Directions for this task
Could you copy exactly the lines below from the one with "Сделать секс не" to the one with "PSW.pdf | |", inclusive, leaving out any pictures?

Records shown

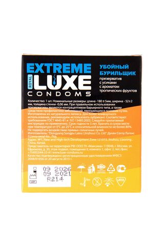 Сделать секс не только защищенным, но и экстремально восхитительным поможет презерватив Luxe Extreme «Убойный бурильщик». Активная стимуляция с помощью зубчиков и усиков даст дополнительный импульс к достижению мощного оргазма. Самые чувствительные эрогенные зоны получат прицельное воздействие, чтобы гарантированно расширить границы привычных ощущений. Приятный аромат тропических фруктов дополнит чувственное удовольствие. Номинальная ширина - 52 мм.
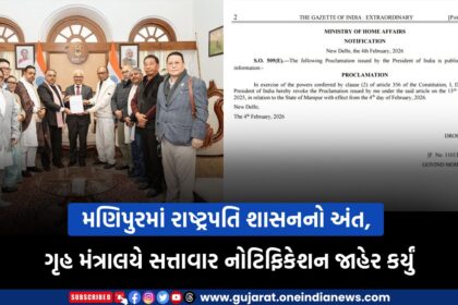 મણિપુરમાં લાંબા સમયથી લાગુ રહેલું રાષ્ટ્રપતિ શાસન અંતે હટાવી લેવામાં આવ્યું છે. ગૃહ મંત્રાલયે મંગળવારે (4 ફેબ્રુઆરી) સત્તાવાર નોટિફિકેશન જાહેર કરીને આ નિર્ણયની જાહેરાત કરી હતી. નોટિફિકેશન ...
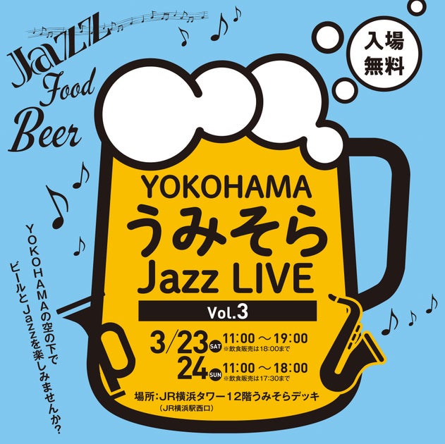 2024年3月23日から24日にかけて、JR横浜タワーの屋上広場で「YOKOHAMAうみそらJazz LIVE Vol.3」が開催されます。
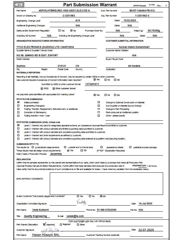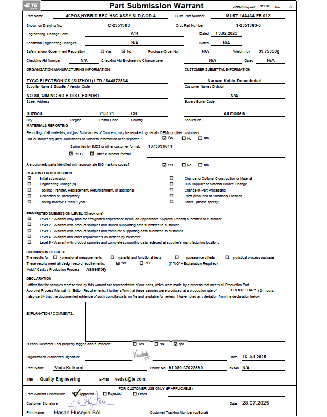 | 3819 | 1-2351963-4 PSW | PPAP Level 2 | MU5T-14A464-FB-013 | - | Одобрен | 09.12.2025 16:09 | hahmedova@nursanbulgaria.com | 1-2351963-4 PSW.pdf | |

...

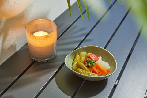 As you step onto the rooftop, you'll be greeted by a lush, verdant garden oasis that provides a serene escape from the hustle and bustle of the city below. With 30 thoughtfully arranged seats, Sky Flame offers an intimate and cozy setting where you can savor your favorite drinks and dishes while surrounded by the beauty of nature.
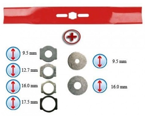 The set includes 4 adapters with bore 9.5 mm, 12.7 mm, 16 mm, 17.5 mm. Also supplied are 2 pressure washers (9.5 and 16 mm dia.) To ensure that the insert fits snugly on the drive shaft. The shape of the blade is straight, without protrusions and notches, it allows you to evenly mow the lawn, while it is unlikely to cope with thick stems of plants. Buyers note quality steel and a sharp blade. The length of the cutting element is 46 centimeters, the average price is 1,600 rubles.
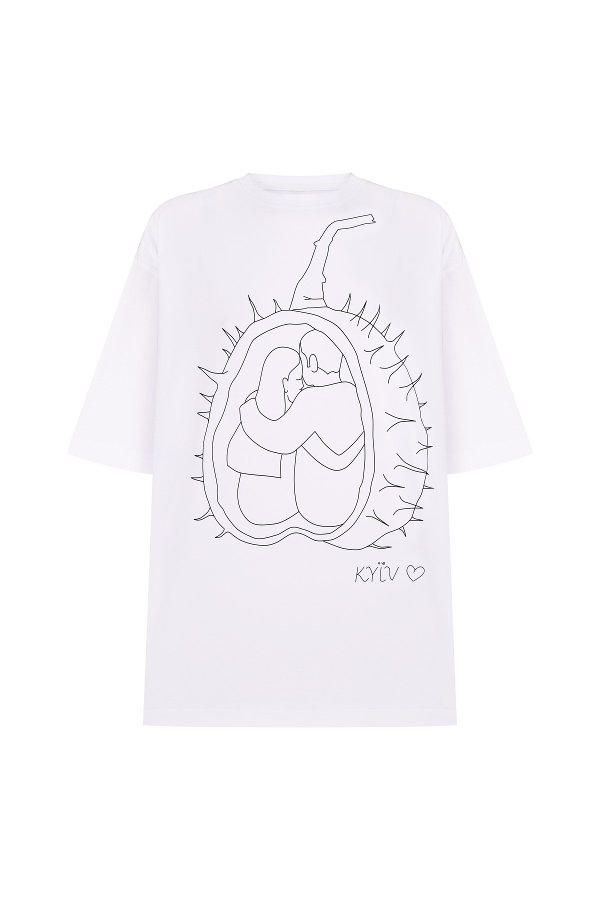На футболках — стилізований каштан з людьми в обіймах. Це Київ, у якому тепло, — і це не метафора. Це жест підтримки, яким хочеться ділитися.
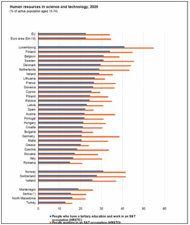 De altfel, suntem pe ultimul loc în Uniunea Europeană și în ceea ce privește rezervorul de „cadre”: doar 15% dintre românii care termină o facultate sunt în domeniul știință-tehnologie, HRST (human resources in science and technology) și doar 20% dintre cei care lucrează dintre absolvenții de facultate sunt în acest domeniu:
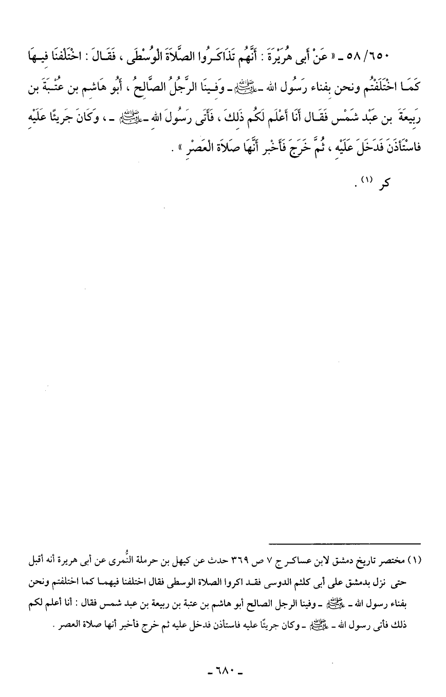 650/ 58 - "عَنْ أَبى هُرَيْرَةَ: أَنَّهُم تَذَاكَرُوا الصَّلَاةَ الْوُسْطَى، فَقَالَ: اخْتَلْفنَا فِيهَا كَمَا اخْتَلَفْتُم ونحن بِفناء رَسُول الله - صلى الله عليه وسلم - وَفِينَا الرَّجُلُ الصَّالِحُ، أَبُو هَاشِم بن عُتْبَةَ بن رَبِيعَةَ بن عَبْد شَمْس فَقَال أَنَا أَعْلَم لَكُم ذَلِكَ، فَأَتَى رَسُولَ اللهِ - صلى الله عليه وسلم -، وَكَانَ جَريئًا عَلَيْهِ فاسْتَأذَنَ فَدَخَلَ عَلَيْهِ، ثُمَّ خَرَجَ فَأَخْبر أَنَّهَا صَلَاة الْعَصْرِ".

Answer box
 Сделать секс не только защищенным, но и экстремально восхитительным поможет презерватив Luxe Extreme «Убойный бурильщик». Активная стимуляция с помощью зубчиков и усиков даст дополнительный импульс к достижению мощного оргазма. Самые чувствительные эрогенные зоны получат прицельное воздействие, чтобы гарантированно расширить границы привычных ощущений. Приятный аромат тропических фруктов дополнит чувственное удовольствие. Номинальная ширина - 52 мм.
 મણિપુરમાં લાંબા સમયથી લાગુ રહેલું રાષ્ટ્રપતિ શાસન અંતે હટાવી લેવામાં આવ્યું છે. ગૃહ મંત્રાલયે મંગળવારે (4 ફેબ્રુઆરી) સત્તાવાર નોટિફિકેશન જાહેર કરીને આ નિર્ણયની જાહેરાત કરી હતી. નોટિફિકેશન ...
 2024年3月23日から24日にかけて、JR横浜タワーの屋上広場で「YOKOHAMAうみそらJazz LIVE Vol.3」が開催されます。
 | 3819 | 1-2351963-4 PSW | PPAP Level 2 | MU5T-14A464-FB-013 | - | Одобрен | 09.12.2025 16:09 | hahmedova@nursanbulgaria.com | 1-2351963-4 PSW.pdf | |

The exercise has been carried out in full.